Exercise description
The reader should set down exactly the lines from the one containing "There are some" through the last line of the material, omitting every picture.

Information shown
═══
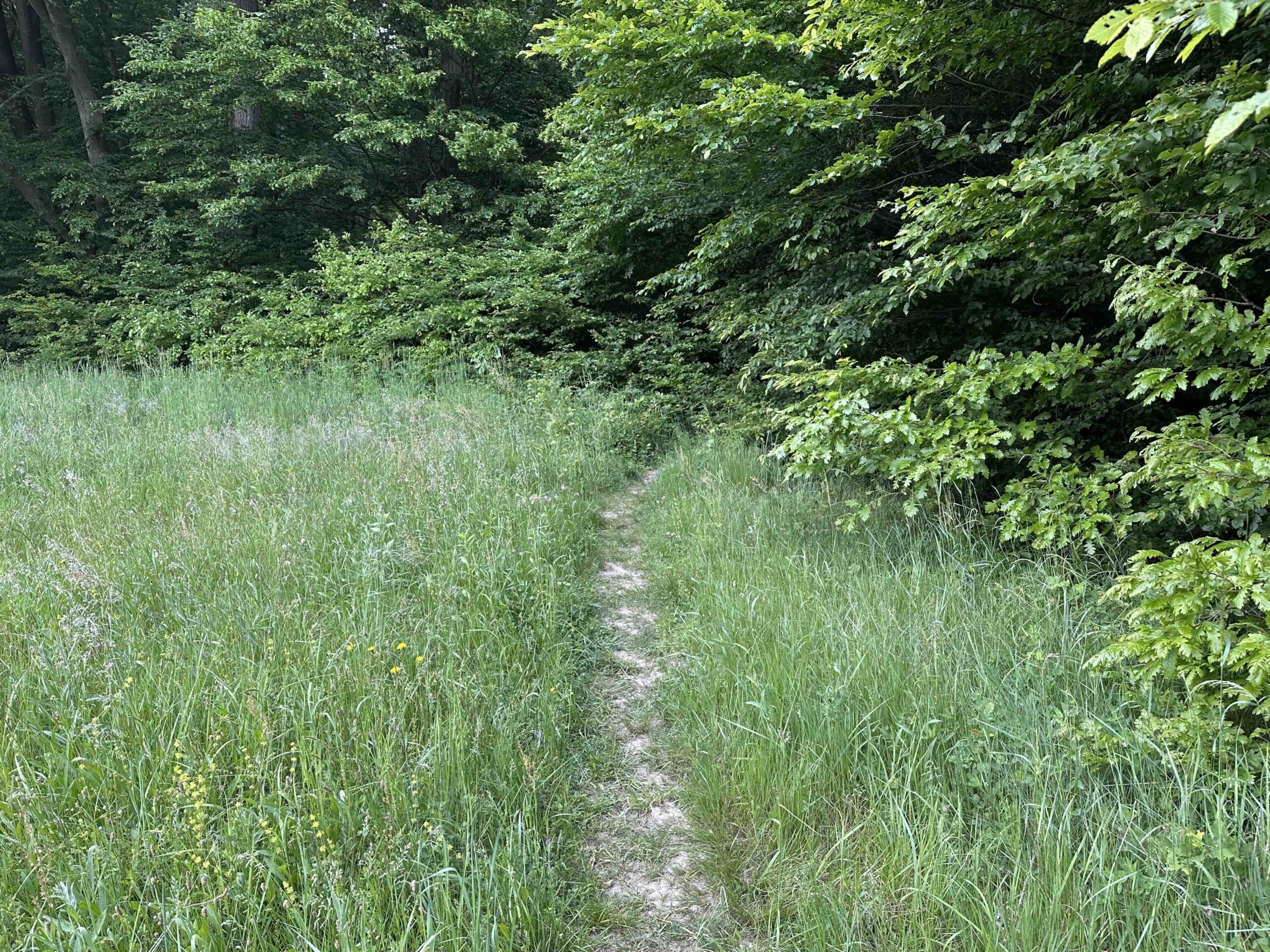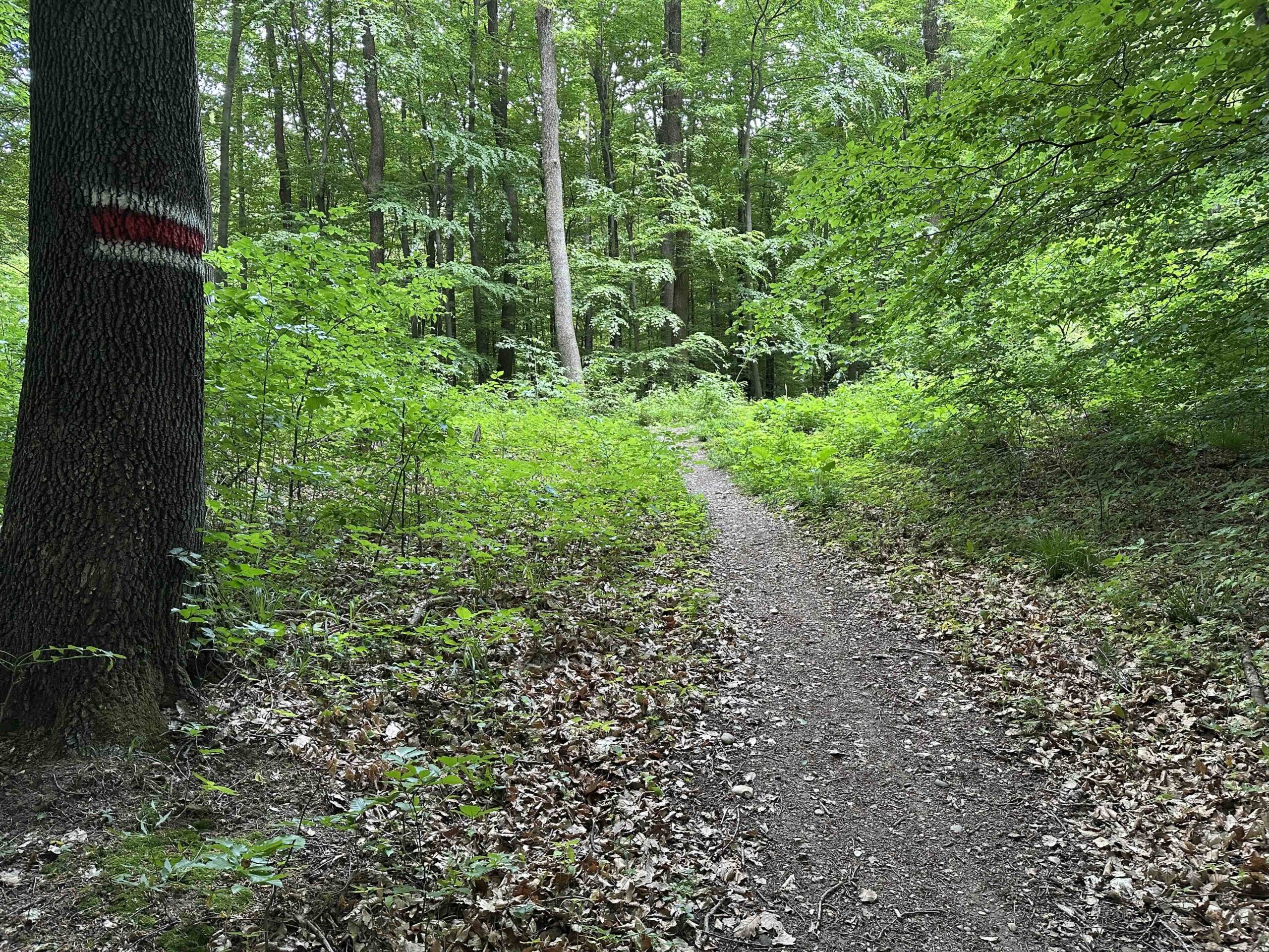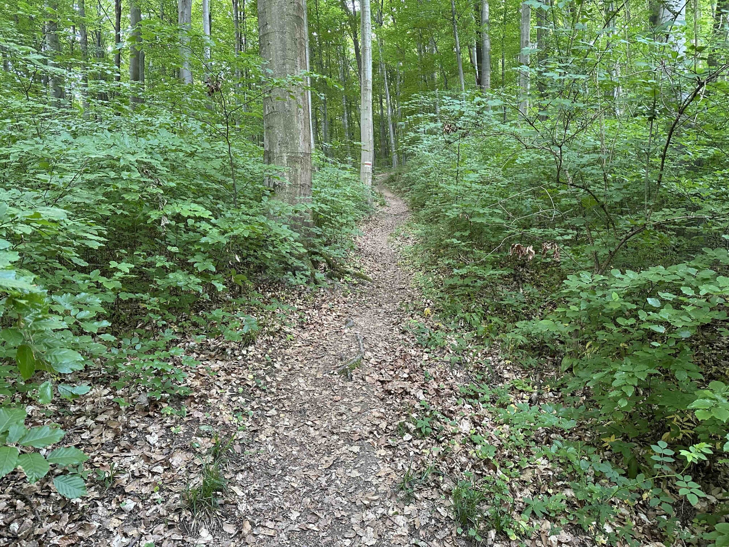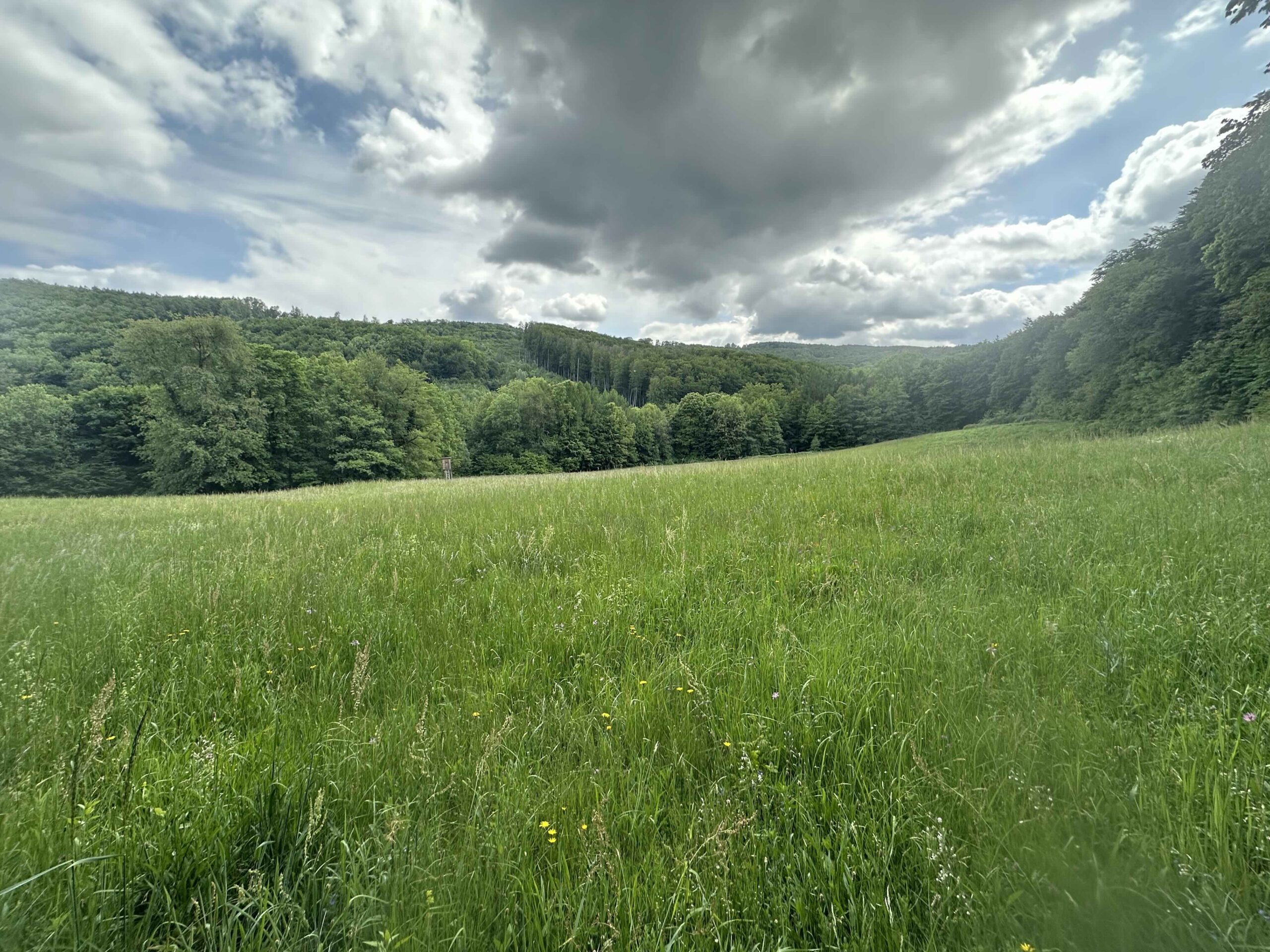 Gleich danach liegt der Wegknoten Weidling/Rotgraben, wo geradeaus der grün markierte Weg zur Windischhütte beginnt. Hier hält man sich rechts und kurz danach links in einen etwas versteckten Feldweg der zu einer idyllischen Wiese führt.
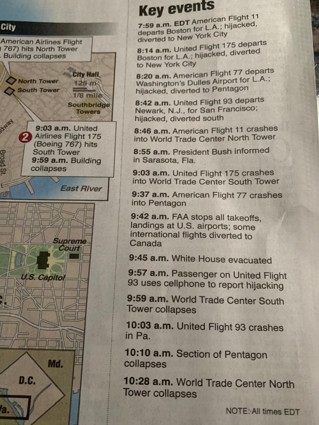 There are some terrible days in history that I will never forget and know exactly where I was when each event happened. This is one of them. I was working and saw on TV the second plane hit the South Tower with the other plane sticking out of the North Tower. I will never forget the horror and terror for those who were inside the buildings, the feeling of helplessness and not knowing what was happening at the time. It couldn’t be an accident twice. I pray that no country will ever have to go through such a devastating event again.
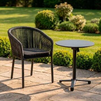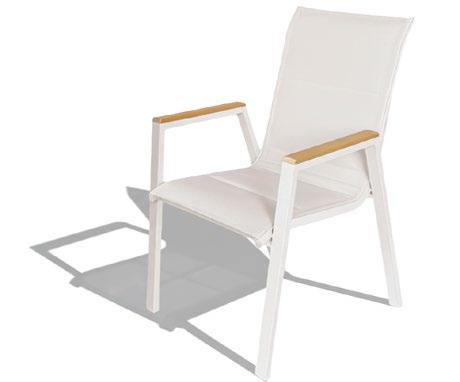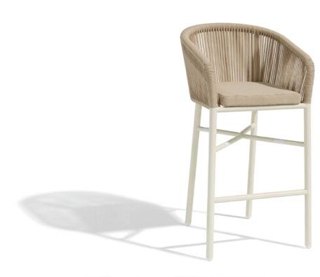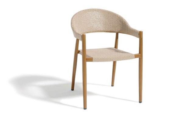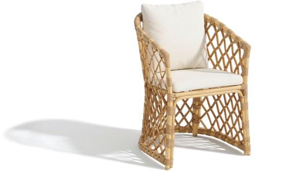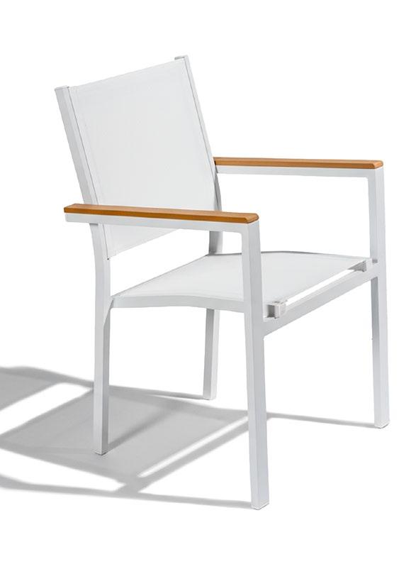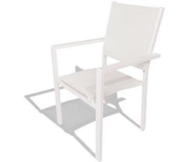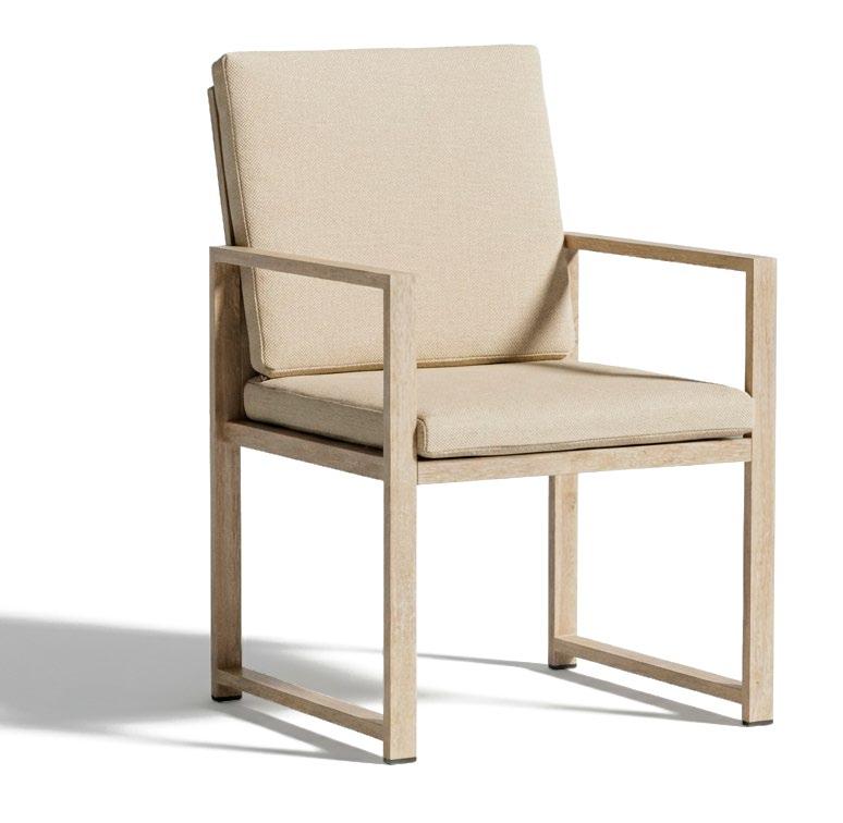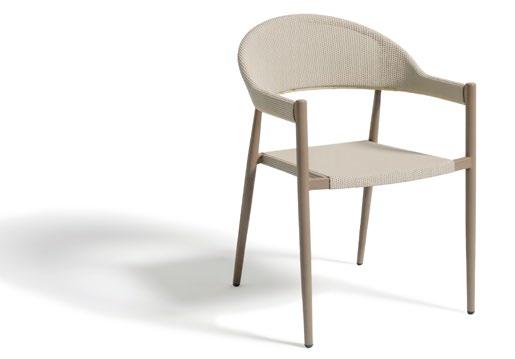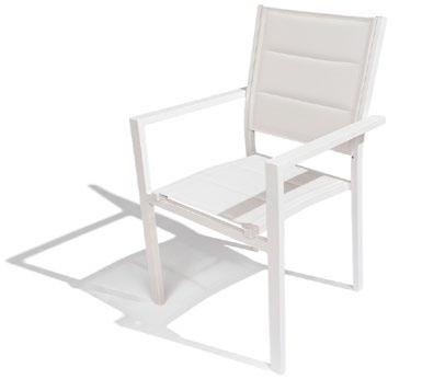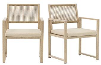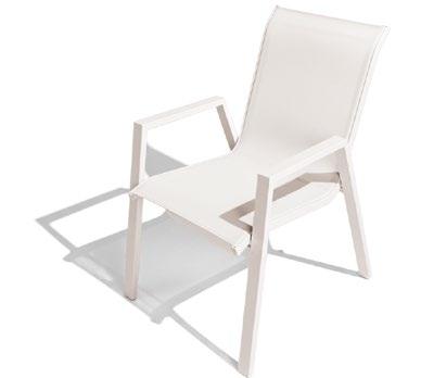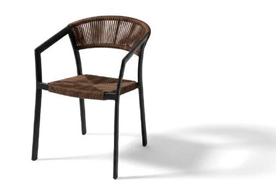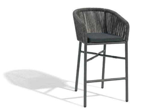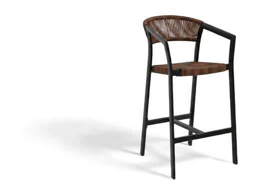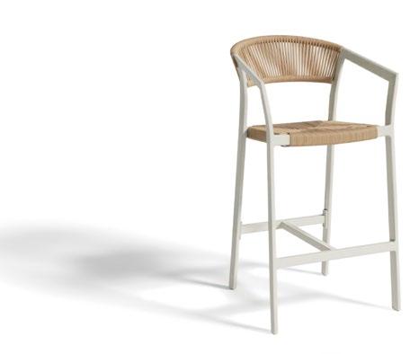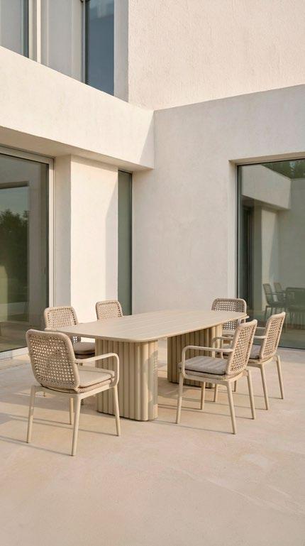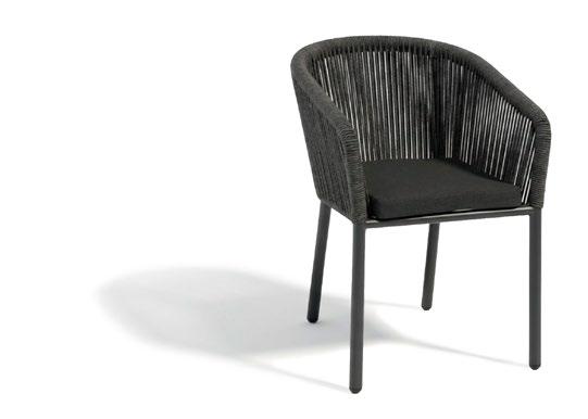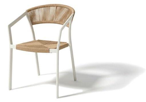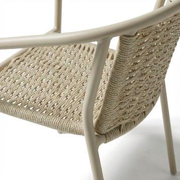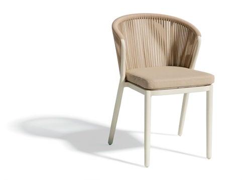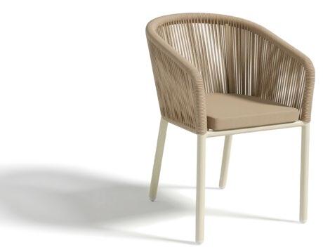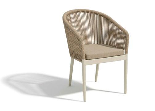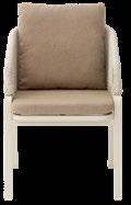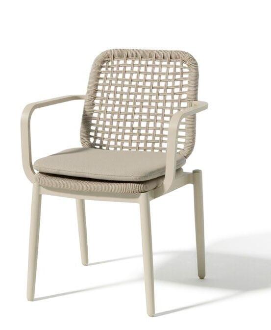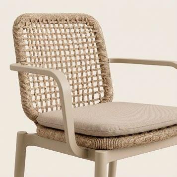 Cadeira outdoor com estrutura em alumínio e detalhes em corda que proporcionam uma estética natural e leve. Seu design reto e moderno oferece estabilidade, enquanto as almofadas proporcionam conforto no assento e encosto. Uma peça versátil e resistente, ideal para terraços e salas de jantar ao ar livre.
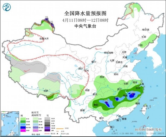 4月11日08時至12日08時,新疆北疆北部、內(nèi)蒙古東北部、黑龍江西北部、西藏西部和中北部、青海南部、川西高原等地部分地區(qū)有小到中雪或雨夾雪,其中,新疆北疆北部高海拔地區(qū)有大到暴雪,局地大暴雪(20~25毫米)。貴州東部、廣西北部、江南大部的部分地區(qū)有中到大雨,其中,湖南東部和西南部、廣西北部、江西東北部、浙江西南部、福建西北部等地部分地區(qū)有暴雨或大暴雨(100~120毫米)。內(nèi)蒙古西北部、西藏西部等地部分地區(qū)有4~5級風(fēng)。
═══
Response to this task
 There are some terrible days in history that I will never forget and know exactly where I was when each event happened. This is one of them. I was working and saw on TV the second plane hit the South Tower with the other plane sticking out of the North Tower. I will never forget the horror and terror for those who were inside the buildings, the feeling of helplessness and not knowing what was happening at the time. It couldn’t be an accident twice. I pray that no country will ever have to go through such a devastating event again.
 Cadeira outdoor com estrutura em alumínio e detalhes em corda que proporcionam uma estética natural e leve. Seu design reto e moderno oferece estabilidade, enquanto as almofadas proporcionam conforto no assento e encosto. Uma peça versátil e resistente, ideal para terraços e salas de jantar ao ar livre.
 4月11日08時至12日08時,新疆北疆北部、內(nèi)蒙古東北部、黑龍江西北部、西藏西部和中北部、青海南部、川西高原等地部分地區(qū)有小到中雪或雨夾雪,其中,新疆北疆北部高海拔地區(qū)有大到暴雪,局地大暴雪(20~25毫米)。貴州東部、廣西北部、江南大部的部分地區(qū)有中到大雨,其中,湖南東部和西南部、廣西北部、江西東北部、浙江西南部、福建西北部等地部分地區(qū)有暴雨或大暴雨(100~120毫米)。內(nèi)蒙古西北部、西藏西部等地部分地區(qū)有4~5級風(fēng)。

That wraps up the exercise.